§ **EXERCISE OBJECTIVE**:
Copy out the listing in full, exactly as written, but not its pictures.

§ **INFORMATION SUPPLIED**:
===============

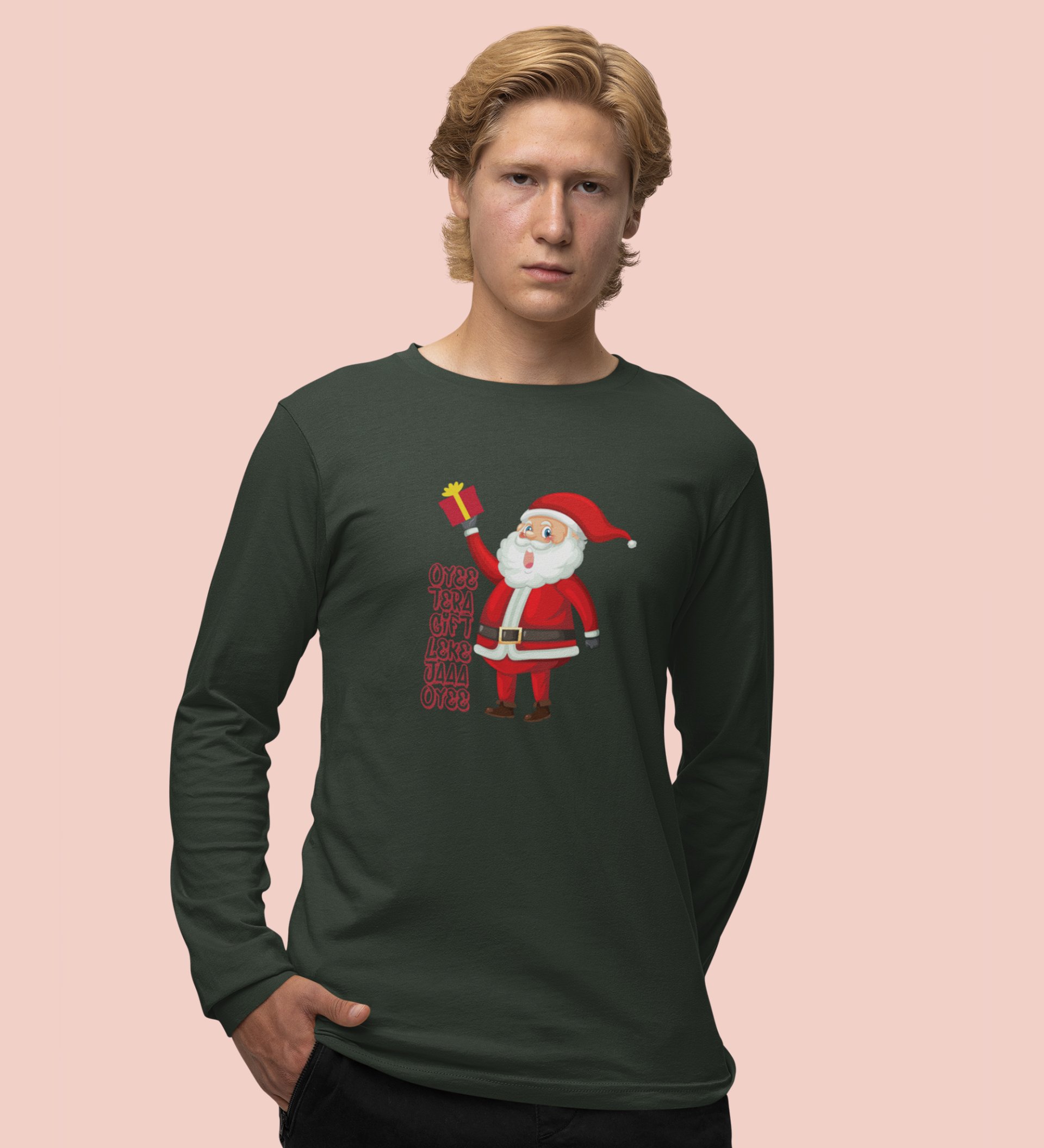 Funniest Santa : Funniest DesignerFull Sleeve T-shirt Green Perfect Gift For Kids
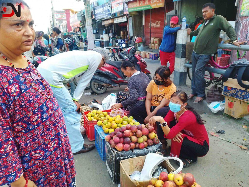 नेपालगन्जको धम्बोझीमा तिहारलाई लक्षित गरेर अहिले पनि कर्णालीको स्याउ किनबेच गर्नेको भीडभाड हुने गरेको छ । नेपालगन्जको धम्बोझी चोकमा कर्णालीकै महिलाहरुले असोजको पहिलो हप्तादेखि नै स्याउको बिक्री–वितरण गर्दै आउनुभएको छ । जुम्लाको सिँजा गाउँपालिकाबाट नेपालगन्जमा स्याउ बिक्री गर्न आउनुभएकी शीतली रोकायले दैनिक २५ देखि ३० किलोसम्म स्याउ बिक्री गर्ने गरेको बताउनुभयो । अन्य बेलाभन्दा दसैँ–तिहारको बेला स्याउ धेरै बिक्री हुने गरेको उहाँको भनाइ छ । नेपालगन्जका अन्य फलफूल पसलमा समेत उपभोक्ताले कर्णालीकै स्याउ किन्ने गरेका छन् । नेपालगन्जको त्रिवेणी मोडस्थित पुरानो फलफूल पसल महाराजा फ्रुटका सञ्चालक कमल सुनारले यो वर्ष कर्णालीको स्याउले भारतीय र चाइनिज स्याउलाई जितेको बताउनुभयो । उहाँले आफ्नो पसलमा आउने उपभोक्ताले कर्णालीको स्याउ नै खोज्ने गरेको बताउनुभयो । यो दसैँमा कर्णालीको स्याउ अन्य समयको तुलनामा तीन गुणा बढी बिक्री भएको छ । बाहिरबाट आउने स्याउको तुलनामा कर्णालीको स्याउ स्वादिलो र सस्तोसमेत भएकाले उपभोक्ताको रोजाइमा परेको सुनारले उल्लेख गर्नुभयो ।
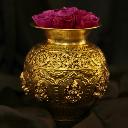 Gold Brass AshtaLakshmi Avatar Kalash | 8 Laxmi Avatar Kalash for Pooja | Divine Kalasham for Wealth & Prosperity | Laxmi Poojan for Diwali

===============

§ **TASK RESULT**:
 Funniest Santa : Funniest DesignerFull Sleeve T-shirt Green Perfect Gift For Kids
 नेपालगन्जको धम्बोझीमा तिहारलाई लक्षित गरेर अहिले पनि कर्णालीको स्याउ किनबेच गर्नेको भीडभाड हुने गरेको छ । नेपालगन्जको धम्बोझी चोकमा कर्णालीकै महिलाहरुले असोजको पहिलो हप्तादेखि नै स्याउको बिक्री–वितरण गर्दै आउनुभएको छ । जुम्लाको सिँजा गाउँपालिकाबाट नेपालगन्जमा स्याउ बिक्री गर्न आउनुभएकी शीतली रोकायले दैनिक २५ देखि ३० किलोसम्म स्याउ बिक्री गर्ने गरेको बताउनुभयो । अन्य बेलाभन्दा दसैँ–तिहारको बेला स्याउ धेरै बिक्री हुने गरेको उहाँको भनाइ छ । नेपालगन्जका अन्य फलफूल पसलमा समेत उपभोक्ताले कर्णालीकै स्याउ किन्ने गरेका छन् । नेपालगन्जको त्रिवेणी मोडस्थित पुरानो फलफूल पसल महाराजा फ्रुटका सञ्चालक कमल सुनारले यो वर्ष कर्णालीको स्याउले भारतीय र चाइनिज स्याउलाई जितेको बताउनुभयो । उहाँले आफ्नो पसलमा आउने उपभोक्ताले कर्णालीको स्याउ नै खोज्ने गरेको बताउनुभयो । यो दसैँमा कर्णालीको स्याउ अन्य समयको तुलनामा तीन गुणा बढी बिक्री भएको छ । बाहिरबाट आउने स्याउको तुलनामा कर्णालीको स्याउ स्वादिलो र सस्तोसमेत भएकाले उपभोक्ताको रोजाइमा परेको सुनारले उल्लेख गर्नुभयो ।
 Gold Brass AshtaLakshmi Avatar Kalash | 8 Laxmi Avatar Kalash for Pooja | Divine Kalasham for Wealth & Prosperity | Laxmi Poojan for Diwali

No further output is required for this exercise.